In 1970, Tom married Evelina Lesmeister and with the help of Sherwin Linton, started a 17-year stretch of country music. They worked from North Dakota to Texas and Utah to Nashville, stopping after 10 years to have their only son, William Wesley.  The couple was off for three weeks and went back to backing country music stars and spent the last five years traveling with The Joe & Rose Lee Maphis Show.  Tom played drums, guitar, and 5-string banjo and was given a number of handmade special guitars. During this time, Tom was inducted into the North Dakota/South Dakota Musicians Hall of Fame. They pulled off the road and Tom worked for the Brown County Highway Department 50 hours a week, in addition to working 40 hours a week as a certified nurse’s aide and also playing music on weekends. Sometime later, Tom joined a group called “Independence” headed by Joni Ruhoff-Middleton.  They played casinos, clubs, and ballrooms, as well as Las Vegas and many years at the Brown County Fair.  Tom and Joni developed a relationship and he realized that she was his humorous, musician soulmate.  They were married in 2000 and were both inducted into the SD Country Music Legends Hall of Fame. Tom always said that his secret to success was because he always surrounded himself by musicians that were better than he was.  From day one to the present, he had the cream of the crop.

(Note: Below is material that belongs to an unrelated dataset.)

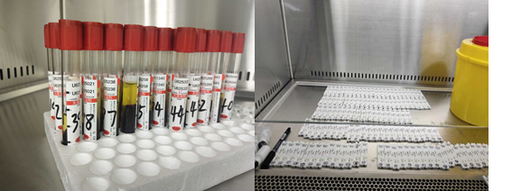 目前,国内新冠疫情已经得到有效控制,但境外输入患者及无症状患者时有发生。2020年9月、10月、12月,云南瑞丽、山东青岛、辽宁大连等地出现新冠疫情病例,疫情防控警报再次拉响。在广州凯普生物科技有限公司的综合调度下,米全凤、武等等、潘玉娟、韩慧贤、毛赋玮、李菊梅、马雪、苏增智等8位同学于9月14日前往云南昆明支援新冠病毒的检测,其中4人整理采集的样本,并对样本进行梳理编号和复核,4人将处理好的样本进行DNA提取、加样和检测。之后,米全凤、潘玉娟、韩慧贤、毛赋玮4位同学又于10月16日前往山东济南支援新冠病毒的检测。在新冠病毒的检测过程中,同学们全力以赴,一丝不苟,兢业认真,精力高度集中,一旦发现疑似阳性样本,定会反复核查直到结果确认。在每天紧张忙碌的工作中,尽管防护服里的衣服被汗水浸透、耳朵被口罩勒破、鼻子被护目镜压红……,但没有一个人说累,没有一个人退缩,每个人眼里都是坚定,经过日夜奋战,实习同学与公司其他同事一同交出了筛查十多份样本的满意答卷。
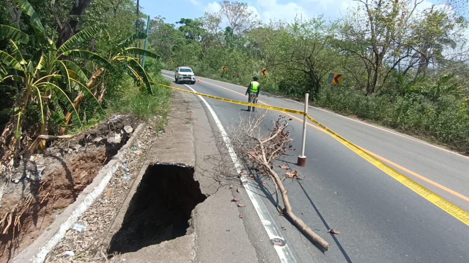 El Ministerio de Comunicaciones, Infraestructura y Vivienda CIV a través de la Dirección de Caminos, lleva a cabo una inspección y limpieza en el agujero que se formó en el km 98 de la ruta de Escuibtla hacia Chiquimulilla.

Surviving Tom is his wife of 20 years, Joni Lammon; his son, Bill Lammon; grandchildren: Bill Lammon, Jr., Thomas Lammon, Murphy (Brett) Casey and Madison (Bryce) Lammon; step-children, Jared (Rachel) Middleton and Alyssa (Cameron Prescott) Middleton; step-grandchildren: Laila, Jace, JC and Jack; and his sister, Phillis (Art) Schwartz.
Preceding him in death are his parents, Verna and William Lammon, II; his first wife, Evie; three brothers: Herb, Conrad and Vern Lammon; and his only great-grandson, Christopher Casey.